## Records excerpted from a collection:
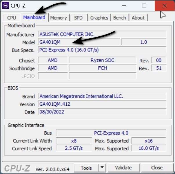 - Для ноутбуков можно искать максимум ОЗУ конкретно по модели ноута, либо по маркировке материнской платы, которую опять же смотрим в графе Mainboard в CPU-Z.
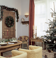 Semleges árnyalatokat használva, fehérre, halvány- és galambszürkére hangolták a tereket, ami tökéletes alapként szolgál a country stílusú enteriőrökhöz, ugyanakkor jobban illik házigazdáink személyiségéhez, életstílusához, mint a mediterrán, élénk színvilág. A méhviaszkezelt, illetve antikolt fehérre festett, régi és régies bútorok ugyanakkor meleggé és otthonossá teszik a lakást. Egy-egy színesebb foltot textilek, függönyök, kilimek, terítők segítségével azért becsempészett a lakásba a tervező és a háziasszony, aki az első itteni, közös karácsony örömére díszbe öltöztette egész otthonát. Nem fukarkodott a koszorúk, girlandok, asztali dekorációk, gyertyák és gyertyatartók használatával sem, az igazi főszereplők azonban természetesen az angyalkák lettek…
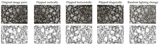 To enhance the model’s generalization ability, 365 sets of cropped RGB images were randomly divided into training samples (255 groups), test samples (73 groups) and verification samples (37 groups) in a 7:2:1 ratio. The three sample types were augmented using techniques such as mirror flipping, horizontal flipping, vertical flipping, random brightness adjustment, and noise perturbation. The results are shown in Figure 5, yielding a total of 2190 image pairs.
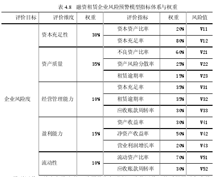 根据上文对融资租赁企业风险指标选择与指标赋权,可构建融资租赁企业风险预警模型:
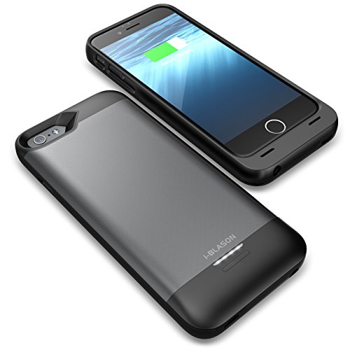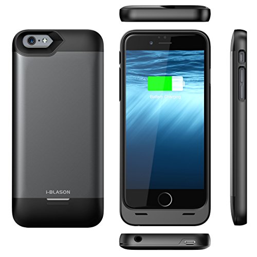 IPhone 6/6S Plus nuova custodia, i-Blason Apple iPhone 6 Plus 14 cm custodia con batteria esterna/caricabatterie custodia [ultra slim] nero/grigio (Lightning Connector output, microUSB input)

## Required work:
Beginning with the line containing "To enhance the" and ending with the last line of the data, output those lines exactly and nothing more. Omit every picture.

## Answer area:
 To enhance the model’s generalization ability, 365 sets of cropped RGB images were randomly divided into training samples (255 groups), test samples (73 groups) and verification samples (37 groups) in a 7:2:1 ratio. The three sample types were augmented using techniques such as mirror flipping, horizontal flipping, vertical flipping, random brightness adjustment, and noise perturbation. The results are shown in Figure 5, yielding a total of 2190 image pairs.
 根据上文对融资租赁企业风险指标选择与指标赋权,可构建融资租赁企业风险预警模型:
 IPhone 6/6S Plus nuova custodia, i-Blason Apple iPhone 6 Plus 14 cm custodia con batteria esterna/caricabatterie custodia [ultra slim] nero/grigio (Lightning Connector output, microUSB input)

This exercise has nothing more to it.